Um detalhe que ajuda muita gente: a CLT prevê expressamente que a gravidez confirmada durante o aviso prévio, trabalhado ou indenizado, também garante a estabilidade (art. 391-A da CLT). Então se você recebeu aviso prévio indenizado de 30 dias e a gravidez começou dentro desse intervalo, o direito existe do mesmo jeito.

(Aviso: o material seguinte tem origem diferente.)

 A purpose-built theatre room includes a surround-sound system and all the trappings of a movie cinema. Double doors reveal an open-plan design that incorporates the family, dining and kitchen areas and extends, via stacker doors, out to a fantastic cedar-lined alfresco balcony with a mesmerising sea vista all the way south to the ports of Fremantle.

Guarde a ultrassonografia com idade gestacional

O exame que estima as semanas de gestação, ou a declaração médica com a data provável do parto, é o documento que permite calcular para trás e demonstrar que a gravidez já existia na data da dispensa. Peça uma via ao médico e guarde.

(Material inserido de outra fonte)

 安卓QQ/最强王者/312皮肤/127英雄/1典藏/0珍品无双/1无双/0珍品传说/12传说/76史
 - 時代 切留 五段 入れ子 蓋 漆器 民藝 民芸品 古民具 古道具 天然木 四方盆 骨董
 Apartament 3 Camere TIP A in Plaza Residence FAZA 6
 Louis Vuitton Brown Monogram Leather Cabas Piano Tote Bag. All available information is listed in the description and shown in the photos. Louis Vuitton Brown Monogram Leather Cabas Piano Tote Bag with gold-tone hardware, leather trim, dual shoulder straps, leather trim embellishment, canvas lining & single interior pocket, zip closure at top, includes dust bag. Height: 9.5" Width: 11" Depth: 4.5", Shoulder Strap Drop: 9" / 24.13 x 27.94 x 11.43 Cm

Preciso avisar a empresa? Devo procurar o RH?

Você não é obrigada. Mas comunicar por escrito costuma ser uma decisão estratégica boa, por dois motivos.

O primeiro é que a empresa pode simplesmente reconhecer o erro e chamar você de volta, cancelando a dispensa. Isso resolve o problema sem processo, sem espera e com o vínculo restabelecido — o que também restabelece plano de saúde e recolhimento de FGTS.

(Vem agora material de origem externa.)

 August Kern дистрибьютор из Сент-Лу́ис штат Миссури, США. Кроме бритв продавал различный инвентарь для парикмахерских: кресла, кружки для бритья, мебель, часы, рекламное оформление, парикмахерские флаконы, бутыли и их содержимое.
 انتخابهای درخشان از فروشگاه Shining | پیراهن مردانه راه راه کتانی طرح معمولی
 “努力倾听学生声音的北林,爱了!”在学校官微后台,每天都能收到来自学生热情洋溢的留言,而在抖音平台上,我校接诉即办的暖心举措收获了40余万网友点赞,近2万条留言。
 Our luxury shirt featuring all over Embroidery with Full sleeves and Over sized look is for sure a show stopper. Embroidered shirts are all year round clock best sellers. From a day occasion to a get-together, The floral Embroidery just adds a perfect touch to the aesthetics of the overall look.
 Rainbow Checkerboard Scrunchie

O segundo é probatório: a comunicação documentada fixa uma data e mostra que você não ficou em silêncio de propósito. Existe discussão em alguns tribunais sobre demora deliberada em avisar, e ter o registro tira esse argumento da mesa.

Como fazer:

  • E-mail para o RH, com cópia do exame anexada, guardando o comprovante de envio;
  • Carta com aviso de recebimento (AR) enviada ao endereço da empresa;
  • Mensagem de WhatsApp para o contato do RH ou do gestor, com o número identificado.

Evite comunicar só por telefone ou pessoalmente, sem testemunha e sem registro. Se a empresa negar depois, não sobra nada.

Posso exigir voltar ao emprego ou recebo em dinheiro?

Depende do momento. A regra que o TST aplica é esta:

  • Dentro do período de estabilidade (da concepção até cinco meses após o parto): cabe pedir a reintegração, ou seja, a volta ao emprego com o contrato restabelecido e os salários do período parado.
  • Depois que o período de estabilidade terminou: a reintegração já não faz sentido, e o direito se converte em indenização — os salários e demais direitos correspondentes ao tempo que ia da dispensa até o fim da estabilidade.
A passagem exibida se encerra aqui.